REQUIRED WORK
Look below for the line with "Roo Code 바이브"; begin the copy there and stop after the line with "Unqind - Celana", keeping the text exact and the pictures out.

SUPPLIED DATA
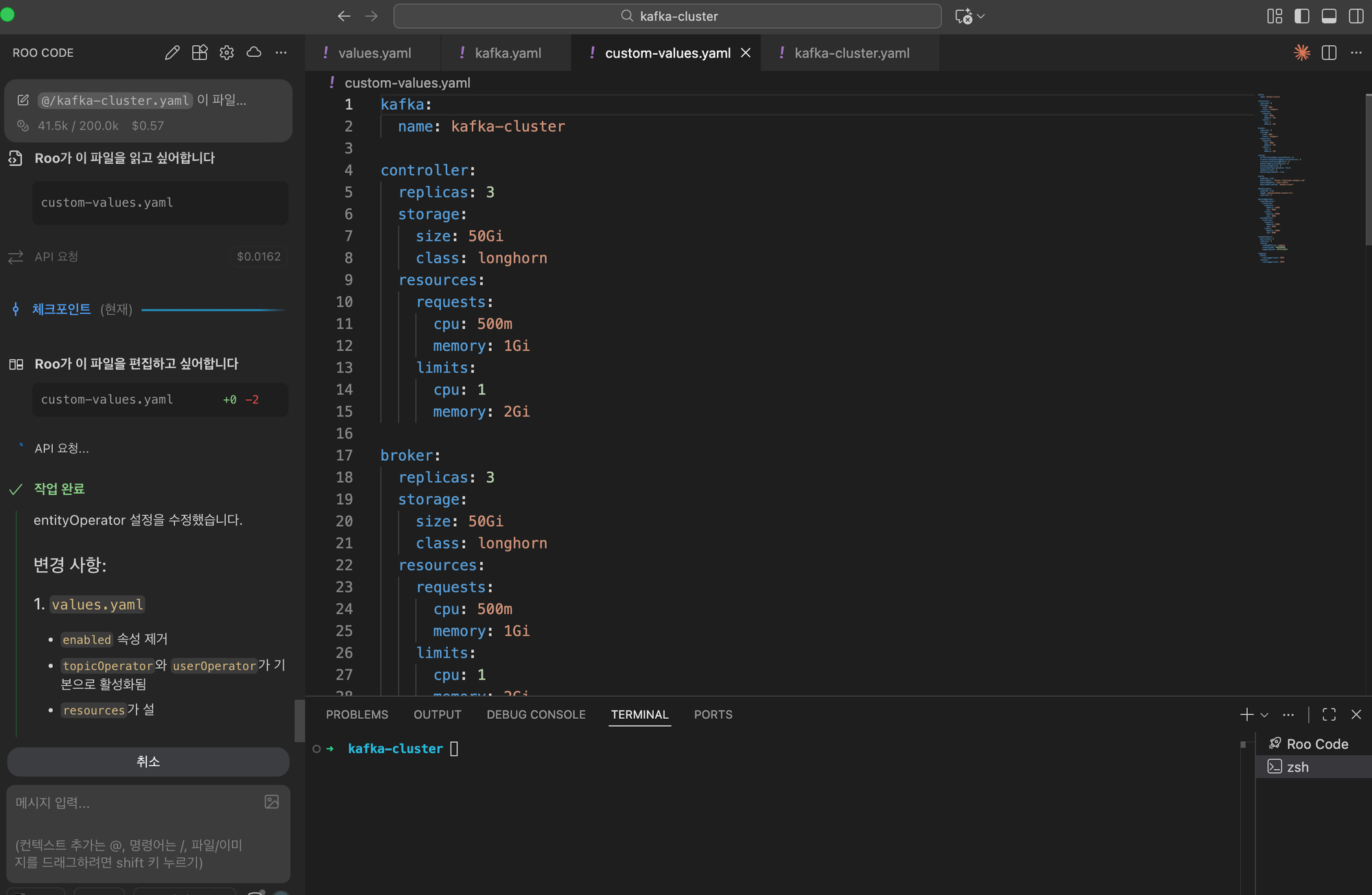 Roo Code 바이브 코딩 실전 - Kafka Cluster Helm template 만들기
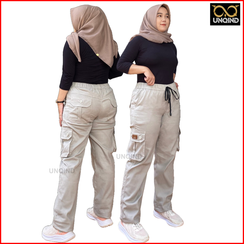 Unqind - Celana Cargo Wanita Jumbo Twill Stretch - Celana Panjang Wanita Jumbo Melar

--

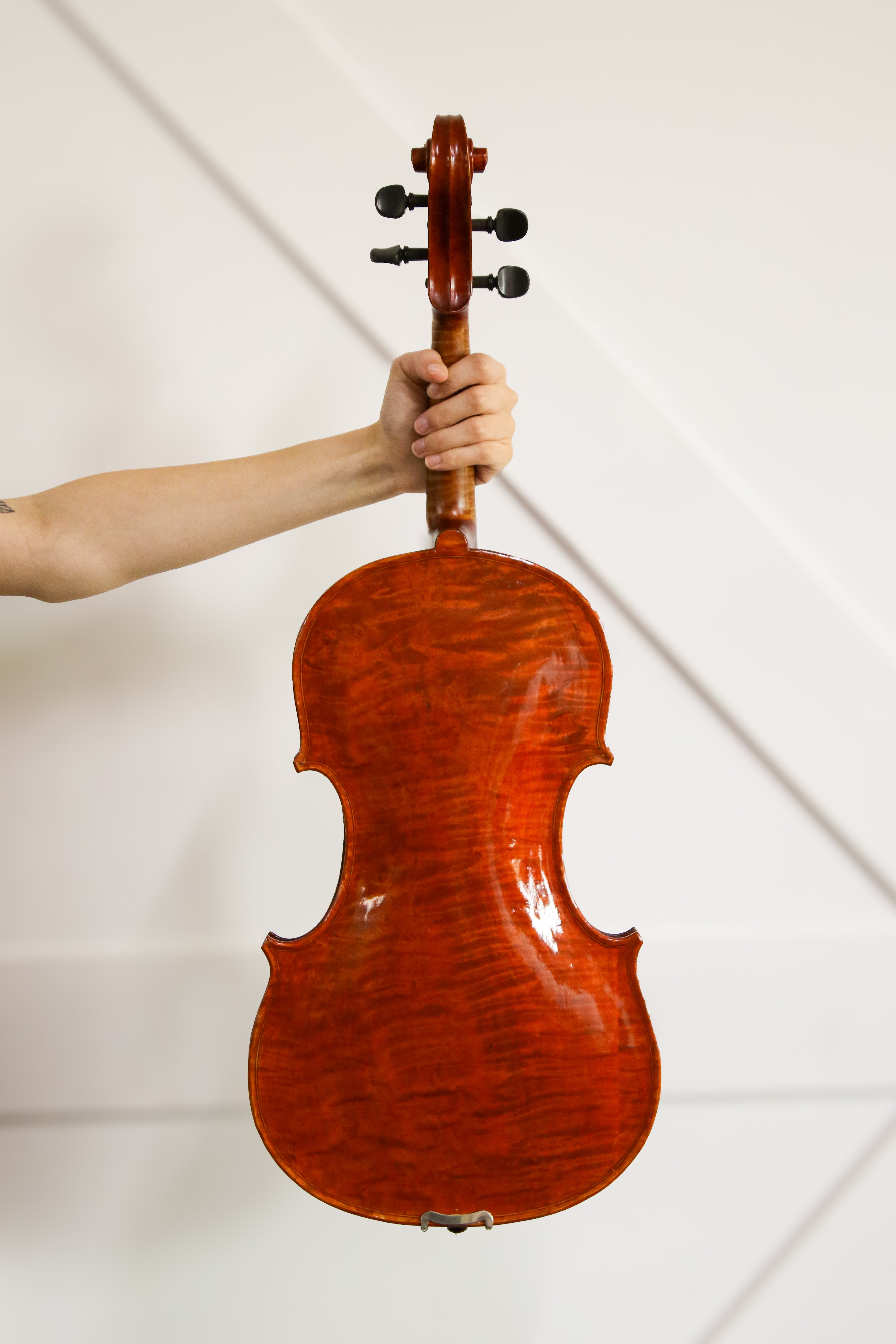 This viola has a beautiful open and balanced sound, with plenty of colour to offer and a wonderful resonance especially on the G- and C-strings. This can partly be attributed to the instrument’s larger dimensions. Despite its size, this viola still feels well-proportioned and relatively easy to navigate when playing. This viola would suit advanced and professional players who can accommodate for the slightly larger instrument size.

OUTPUT FOR THIS EXERCISE
 Roo Code 바이브 코딩 실전 - Kafka Cluster Helm template 만들기
 Unqind - Celana Cargo Wanita Jumbo Twill Stretch - Celana Panjang Wanita Jumbo Melar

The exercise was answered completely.